Alessia’s commitment to feminisms, and to issues related to gender, and sexuality reach beyond academia. She performs acrobatic movement and dance at Lava Studios in Brooklyn, NY, which is a feminist, gender-fluid arts space for individuals of all ages and abilities, committed to community building. She is also a consultant for UN Women’s HeForShe Initiative, for a project that investigates gender bias in cinema. As a graduate fellow, Alessia is interested fostering further dialogue on the impact of media and representation on the forging of a gendered and sexed subjectivity, by including more media and arts-related events and conversations in the IRWGS program. She is eager to create more alliances with activists, artists, philosophers, and communities outside of academia to cultivate reciprocal intellectual and activist enrichment.
Leah Werier
Leah Werier is a fourth year PhD candidate in Art History, who focuses on 20th and 21st century art informed by feminist theory. She has recently completed an IRWGS graduate certificate. Leah has attended IRWGS events since she began studying at Columbia. She has also organized events in Art History with a focus on gender, including the program Works in Progress: Gender Stages // Staging Gender.
For Leah, being involved with IRWGS has been one of the “most enriching experiences for me” as a graduate student. As a graduate fellow, Leah is interested in promoting IRWGS across different departments and growing the IRWGS community. She believes that “it provides a stimulating interdisciplinary meeting space for students and faculty.
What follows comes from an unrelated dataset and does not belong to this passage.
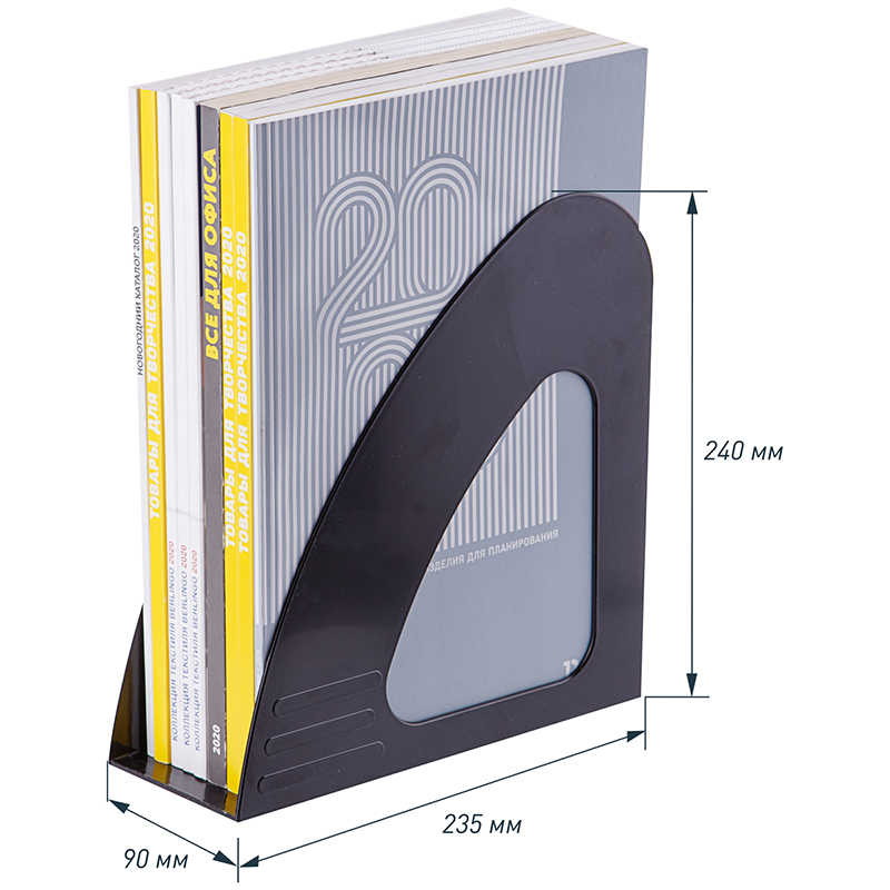 Вертикальный накопитель для бумаг в стильном современном дизайне. Благодаря ширине 90 мм лоток подойдет для хранения толстых книг, журналов и каталогов. Корпус изготовлен из экологичного полистирола и представлен в черном цвете.

I look forward to organizing events that focus on the relationship between visual culture and feminist, queer and intersectional theory.” Leah hopes to invite artists to present their work to students and faculty and engage with the academic community at Columbia.
Liz Dolfi
Liz Dolfi, a fourth-year doctoral student in the Religion Department, has a strong background in gender studies. She has a B.A. in Women’s Studies and an M.A. in Religion and Women, Gender, and Sexuality Studies. She has also recently completed her Graduate Certificate in Women’s Studies here at IRWGS and was a TA for Professor Ciolkowski and Professor Jordan-Young’s Intro to Women’s and Gender Studies course this past semester.
Liz says she is “interested in developing workshops on research methods and prospectus writing that address the particular needs of students working across multiple academic disciplines.” She also believes that “making feminist scholars more familiar with the critical language of religious studies is a politically urgent project, and critical studies of religion and secularisms are too frequently neglected in feminist scholarship.” As a Graduate Fellow, Liz hopes to invite to IRWGS guest lecturers who “explicitly engage questions about religion and are able to make these subjects accessible to students from other fields.”
Victoria Wiet
Victoria Wiet, a fourth-year doctoral student in the English and Comparative Literature Department, has been a part of the IRWGS community since she started at Columbia. Last semester she was a TA (with Liz) for Intro to Women’s and Gender Studies, and she has also taught the Gender and Sexuality-themed section of University Writing.
As a graduate fellow, Victoria would like to “promote teaching in affiliation with IRWGS as a building block for teaching in one’s home discipline.” She also looks forward to developing pedagogical workshops and continuing to attend IRWGS events, which she says have provided “surprising points of contact between my work and those working in different disciplines and time periods.”